THE TASK: In this exercise, print only the lines of the records below from the one with "2018全國(guó)室内裝飾(shì)行業優秀企業 證書" through the one with "La llana canto", inclusive. Pictures are not part of the copy.

EXCERPTED RECORDS:
================

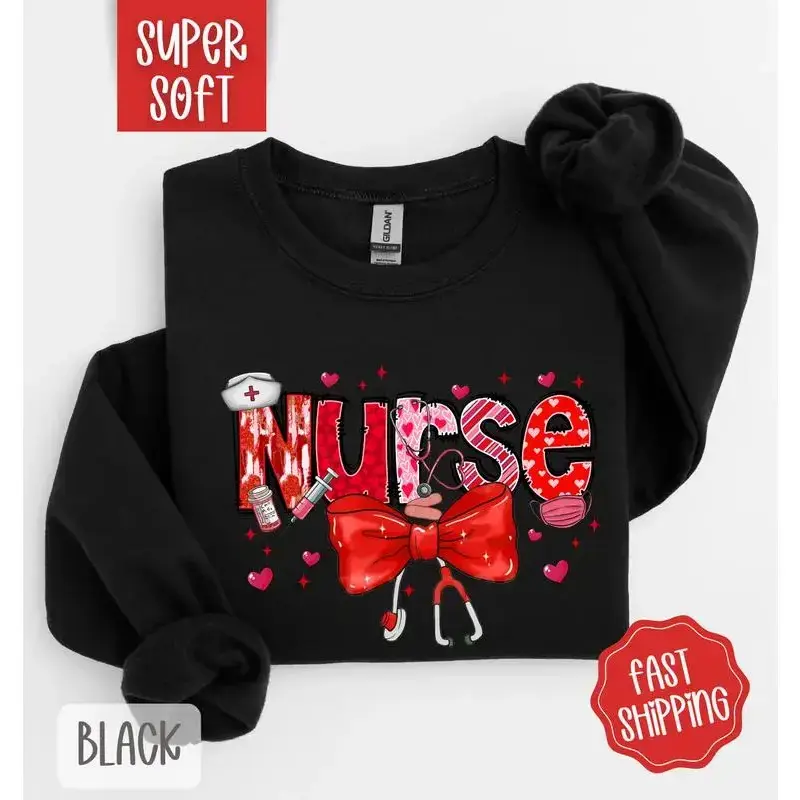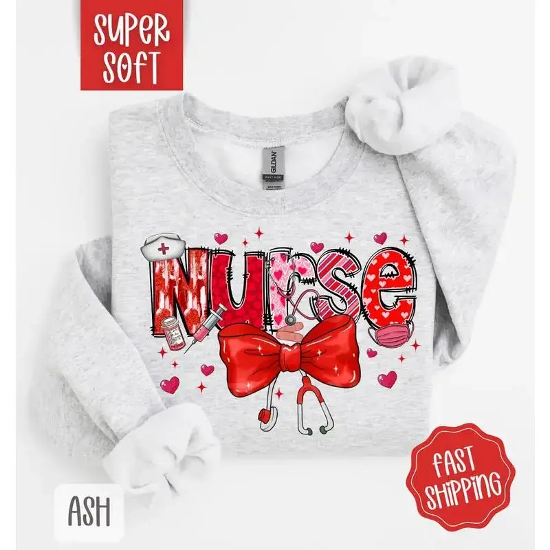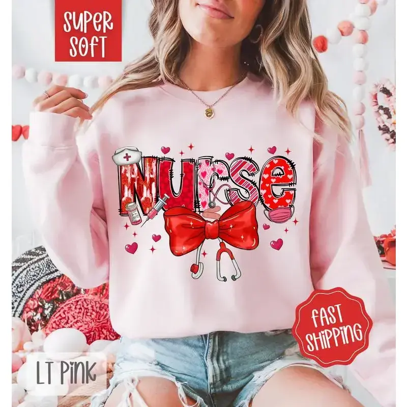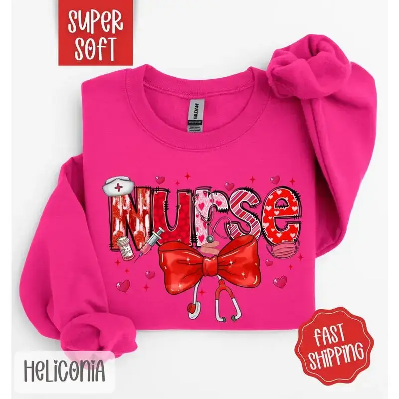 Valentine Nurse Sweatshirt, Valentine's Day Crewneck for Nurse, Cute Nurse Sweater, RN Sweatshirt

================

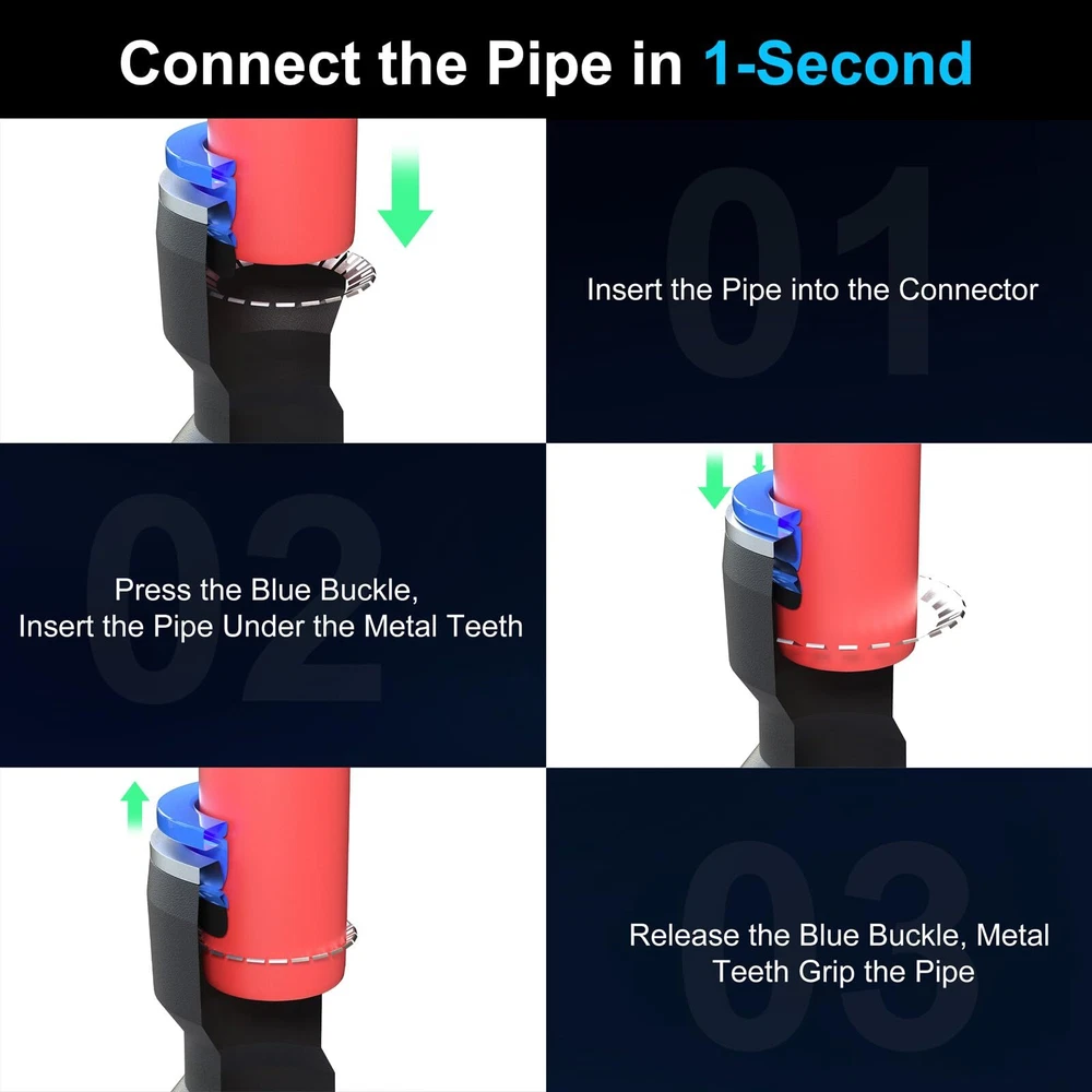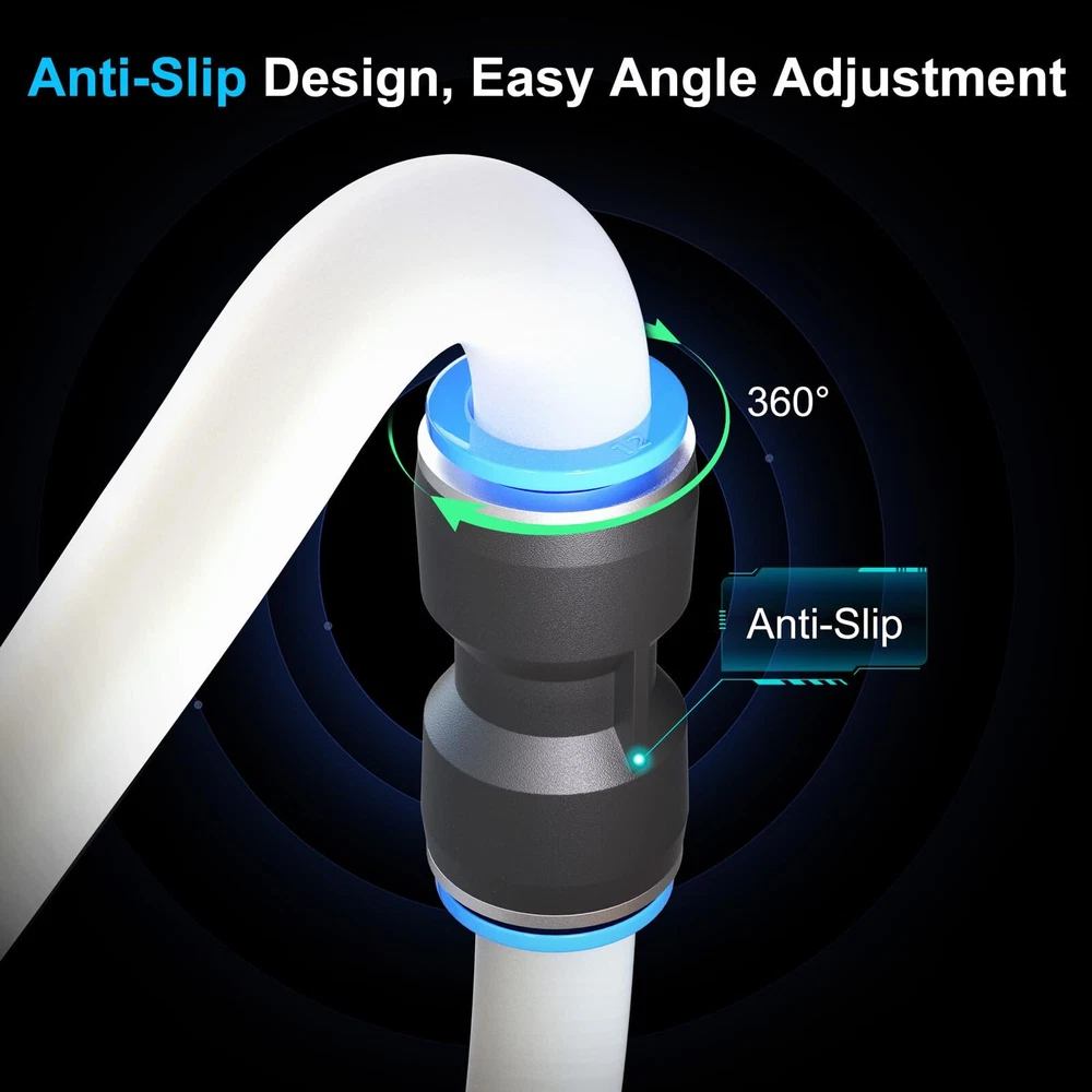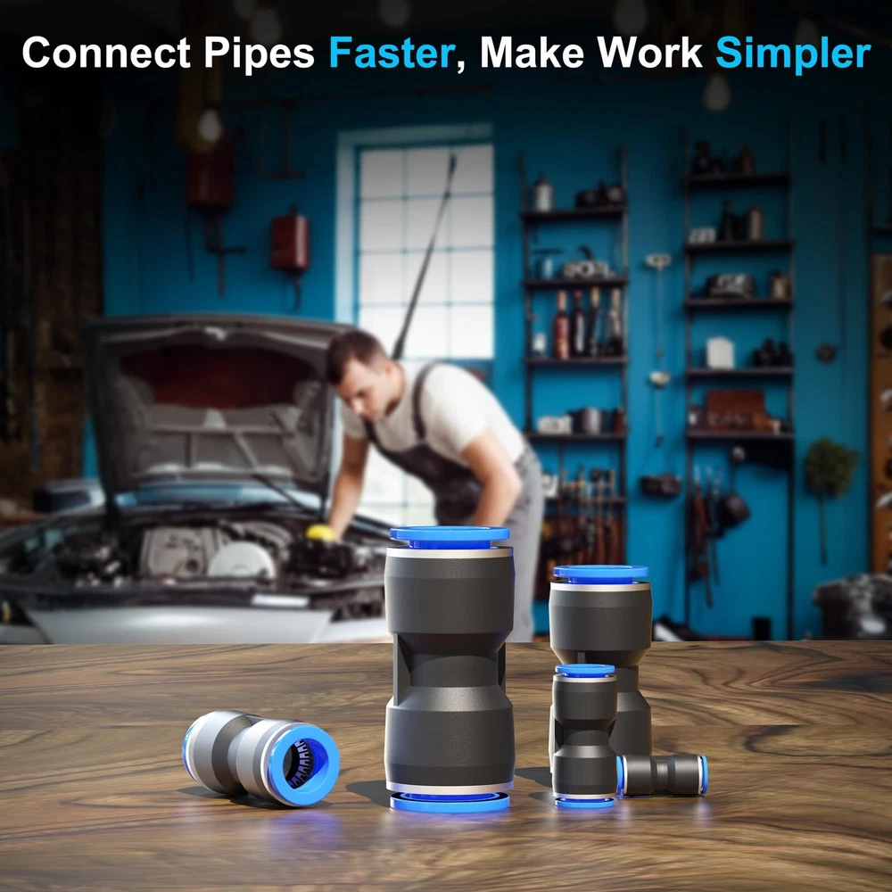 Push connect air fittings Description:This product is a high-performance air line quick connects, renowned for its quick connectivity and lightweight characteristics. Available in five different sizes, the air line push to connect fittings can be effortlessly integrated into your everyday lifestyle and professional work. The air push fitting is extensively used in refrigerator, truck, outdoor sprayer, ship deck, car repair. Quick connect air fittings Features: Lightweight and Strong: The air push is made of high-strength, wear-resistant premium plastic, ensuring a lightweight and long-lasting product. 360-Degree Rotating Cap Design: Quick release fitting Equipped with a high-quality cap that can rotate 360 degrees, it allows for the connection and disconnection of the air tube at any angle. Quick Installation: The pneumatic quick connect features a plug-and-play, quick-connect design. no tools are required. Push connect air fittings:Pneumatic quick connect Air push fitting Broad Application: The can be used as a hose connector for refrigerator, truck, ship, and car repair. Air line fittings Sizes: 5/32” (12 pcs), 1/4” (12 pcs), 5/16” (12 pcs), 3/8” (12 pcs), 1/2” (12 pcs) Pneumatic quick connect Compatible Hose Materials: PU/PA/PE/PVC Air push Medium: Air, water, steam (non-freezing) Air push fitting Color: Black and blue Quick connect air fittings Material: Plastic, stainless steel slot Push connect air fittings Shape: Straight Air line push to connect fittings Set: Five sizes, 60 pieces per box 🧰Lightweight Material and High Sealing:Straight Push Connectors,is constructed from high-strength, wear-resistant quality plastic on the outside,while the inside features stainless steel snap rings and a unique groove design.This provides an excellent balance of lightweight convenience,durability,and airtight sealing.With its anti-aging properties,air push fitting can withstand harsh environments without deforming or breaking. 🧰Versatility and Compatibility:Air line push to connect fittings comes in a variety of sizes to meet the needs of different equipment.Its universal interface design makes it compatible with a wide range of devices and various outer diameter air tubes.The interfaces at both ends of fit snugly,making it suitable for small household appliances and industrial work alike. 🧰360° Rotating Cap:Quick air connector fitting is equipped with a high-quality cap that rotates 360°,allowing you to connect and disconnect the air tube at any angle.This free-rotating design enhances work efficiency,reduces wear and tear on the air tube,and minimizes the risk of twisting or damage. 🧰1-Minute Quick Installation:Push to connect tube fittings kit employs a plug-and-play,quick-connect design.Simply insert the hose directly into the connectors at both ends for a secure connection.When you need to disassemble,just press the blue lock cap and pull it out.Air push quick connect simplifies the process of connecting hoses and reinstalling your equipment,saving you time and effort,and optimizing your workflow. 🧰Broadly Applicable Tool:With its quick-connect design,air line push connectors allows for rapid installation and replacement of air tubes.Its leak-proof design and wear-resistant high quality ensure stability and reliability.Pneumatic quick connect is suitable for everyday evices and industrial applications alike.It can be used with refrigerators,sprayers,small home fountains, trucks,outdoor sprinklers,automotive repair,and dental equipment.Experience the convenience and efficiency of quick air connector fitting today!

================

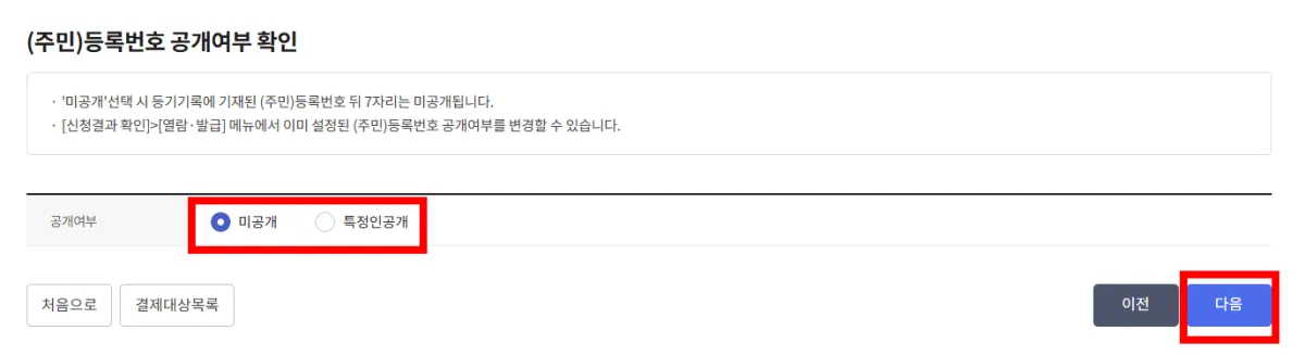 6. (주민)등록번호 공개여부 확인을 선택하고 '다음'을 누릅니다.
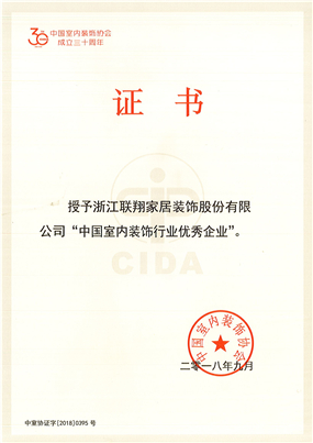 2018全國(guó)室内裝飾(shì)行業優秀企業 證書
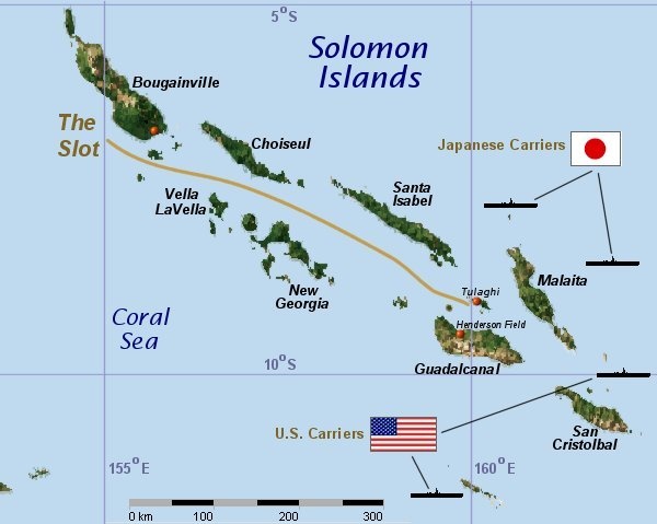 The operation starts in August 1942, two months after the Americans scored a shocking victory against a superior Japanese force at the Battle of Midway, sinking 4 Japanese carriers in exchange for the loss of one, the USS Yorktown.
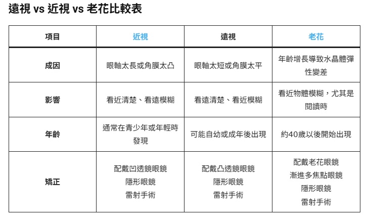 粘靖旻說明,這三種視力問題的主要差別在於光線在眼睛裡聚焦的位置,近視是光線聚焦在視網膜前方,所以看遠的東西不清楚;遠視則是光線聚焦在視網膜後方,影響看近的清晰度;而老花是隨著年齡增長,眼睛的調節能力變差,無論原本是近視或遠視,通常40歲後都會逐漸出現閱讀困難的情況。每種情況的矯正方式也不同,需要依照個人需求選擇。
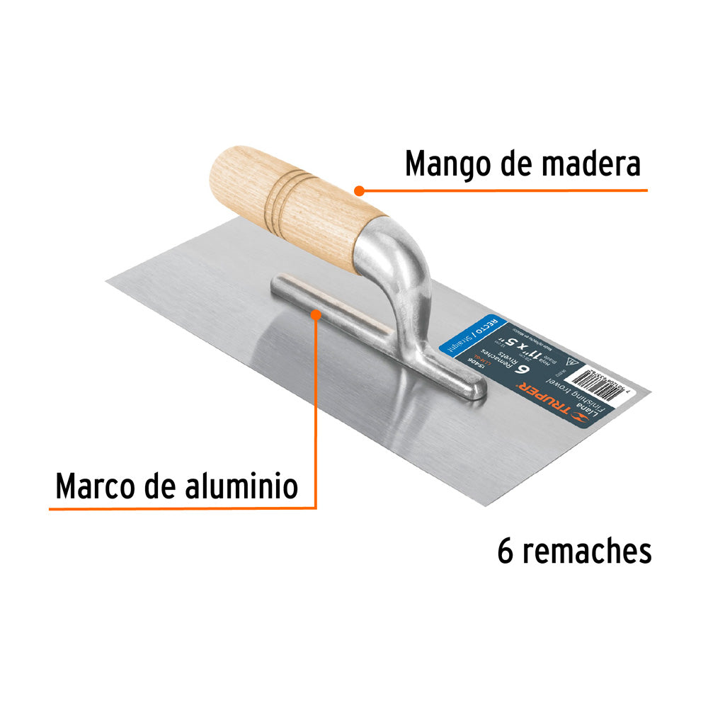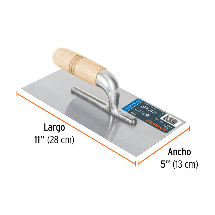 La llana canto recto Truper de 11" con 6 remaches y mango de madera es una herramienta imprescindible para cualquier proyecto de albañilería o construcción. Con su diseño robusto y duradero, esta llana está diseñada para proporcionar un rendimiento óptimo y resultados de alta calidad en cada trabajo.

================

ANSWER SECTION:
 2018全國(guó)室内裝飾(shì)行業優秀企業 證書
 The operation starts in August 1942, two months after the Americans scored a shocking victory against a superior Japanese force at the Battle of Midway, sinking 4 Japanese carriers in exchange for the loss of one, the USS Yorktown.
 粘靖旻說明,這三種視力問題的主要差別在於光線在眼睛裡聚焦的位置,近視是光線聚焦在視網膜前方,所以看遠的東西不清楚;遠視則是光線聚焦在視網膜後方,影響看近的清晰度;而老花是隨著年齡增長,眼睛的調節能力變差,無論原本是近視或遠視,通常40歲後都會逐漸出現閱讀困難的情況。每種情況的矯正方式也不同,需要依照個人需求選擇。
 La llana canto recto Truper de 11" con 6 remaches y mango de madera es una herramienta imprescindible para cualquier proyecto de albañilería o construcción. Con su diseño robusto y duradero, esta llana está diseñada para proporcionar un rendimiento óptimo y resultados de alta calidad en cada trabajo.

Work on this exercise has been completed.